When you show this kind of work it indicates to future employers that you are committed to what you do and are willing to go above and beyond to bring out the best version of yourself and others. It doesn’t have to be huge, even small things can make a difference. Collect garbage or volunteer at an animal shelter — get out there and show your human side!
4. Networking is very important
You don’t have to do it all alone. When you are alone you’re easy to push over, when you are part of a bond it’s much harder to fall. As a hacker, you never know when you’ll need someone with a different specialty until you need them!
Networking within the hacking community is easier than ever thanks to social media, forums, and online groups. I joined a Slack group called ‘The W0lf Pack’ and I can honestly say the group has contributed so much to who I am today. I met new friends and joined hacking competitions, I also started my YouTube channel to answer all the questions I kept getting. Since then I’ve moved into some discord channels where we hackers help each other out!
There are so many opportunities to network, you can attend meetups and conventions or stick to the online communities. I’ve met a host of wonderful people at events, most of whom I’m still in contact with 10 years later!
Places you can start networking
A great place to start networking is in the regular events that HackerOne organises both virtually and online.
Another great place to meet similarly minded people is in a hackerspace. A hackerspace can be any room where hackers and tinkerers gather to explore their hobbies and while initially, it might seem daunting, it's worth exploring. Some of the best work I have done is with other hackers found through sites like hackerspace.

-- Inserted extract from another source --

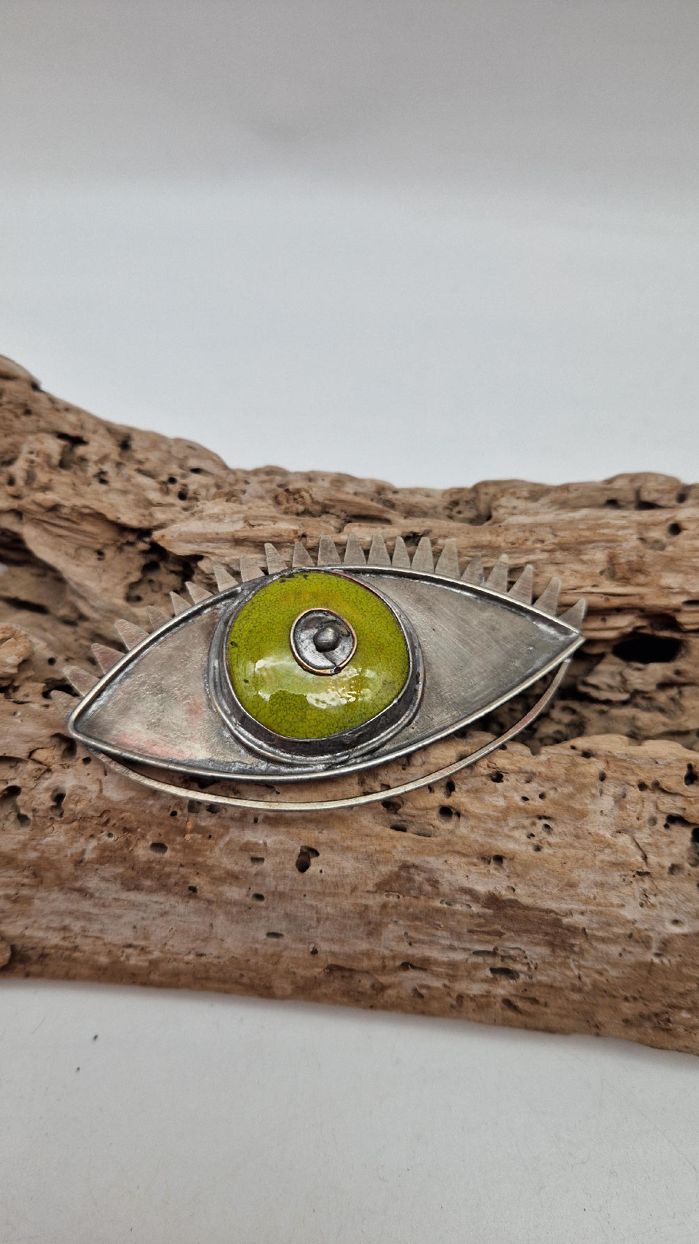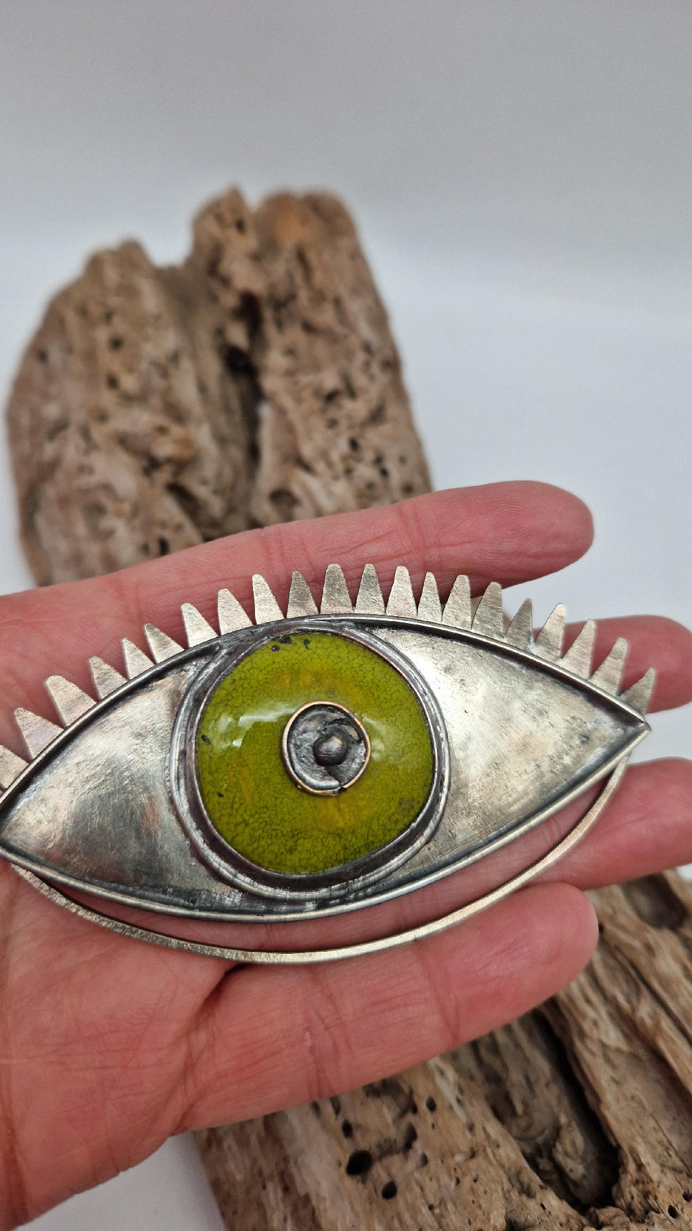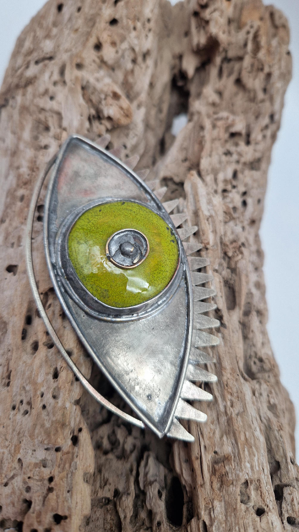 Duża, obłędna, metalowa brocha z alpaki, z ręcznie robioną ceramiką w kolorze cytrynowej zieleni; duże oko ,które przyciąga wzrok i nikt Ci się nie oprze…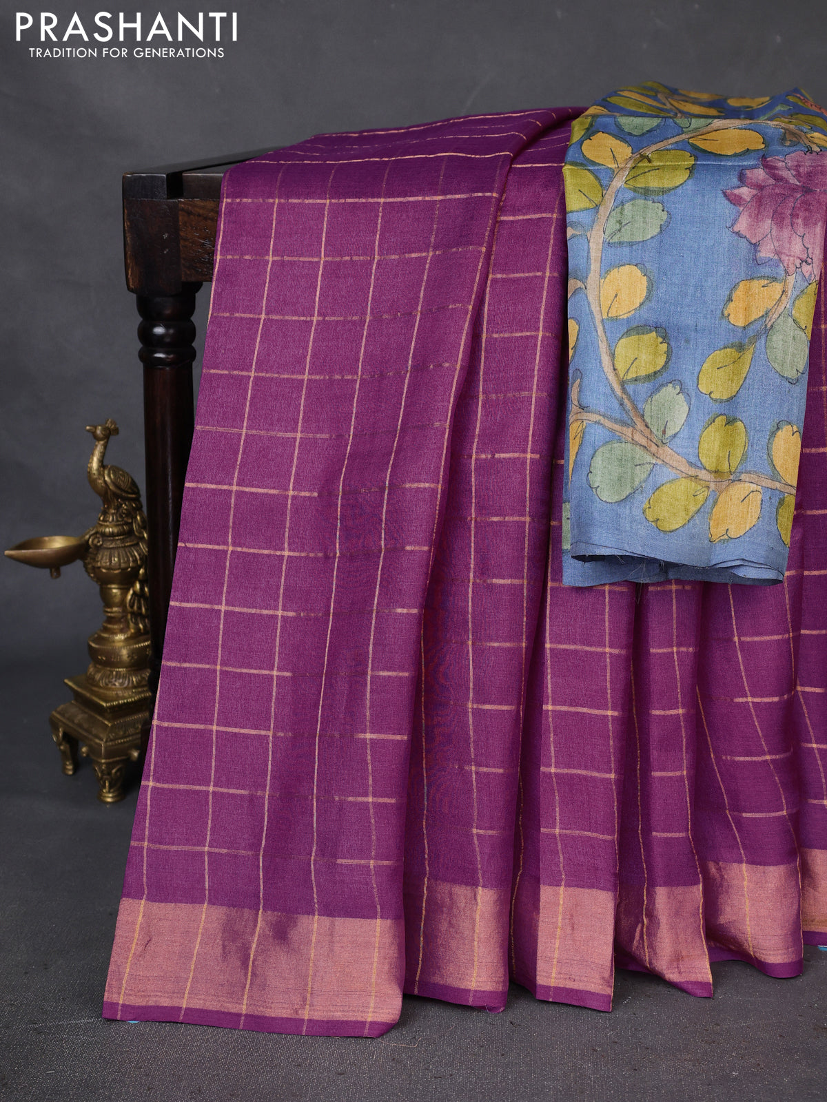 Pure Tussar Silk Saree purple and bluish grey with allover zari checked pattern and zari woven border

Another place you might not think to look is in the free training events in your area! In my area, there are several venues that offer free or heavily discounted courses mostly aimed towards self-improvement and soft skills. Everyone is at these courses to learn, but also to have a good time and support their own network.
If none of these options sound appealing or if you are wondering how you can find more virtual or real-life conferences and meetups, try using Meetup. If you are in a city you'll certainly find a like-minded group!
If you want to stick to online learning and networking, try Discord. There are a bunch of practice groups for newcomers, here are a few to start with:
5. Capture The Flag (CTFs)
CTFs are games where hackers fight to see who can solve different challenges first. It’s a great way to put your skill to practice and learn from more experienced hackers. You can do it solo but I suggest you join a team and try to participate in some CTFs, who knows you might even rank! It’s great fun plus employers are sure as hell to notice.
While participating in a CTF you can come across any hacking challenge relating to a web application or server. There’s a hell of a lot you can learn in these real-world learning challenges plus it shows a hunger to grow in your role!
Make your resume stand out!
I can't stress this enough! In my role, I also have the pleasure of assessing resumes that land on my desk. And I hate it when I see just a list of cybersecurity certifications and places they’ve worked — I don’t care if it’s flashy. I personally don’t think a resume needs to look fancy as soon as you can show me something interesting from your background. Do you have a website or YouTube channel? It's not always about being a certified ethical hacker, there are other great ways to stand out from the crowd even if you don't have a lot of experience.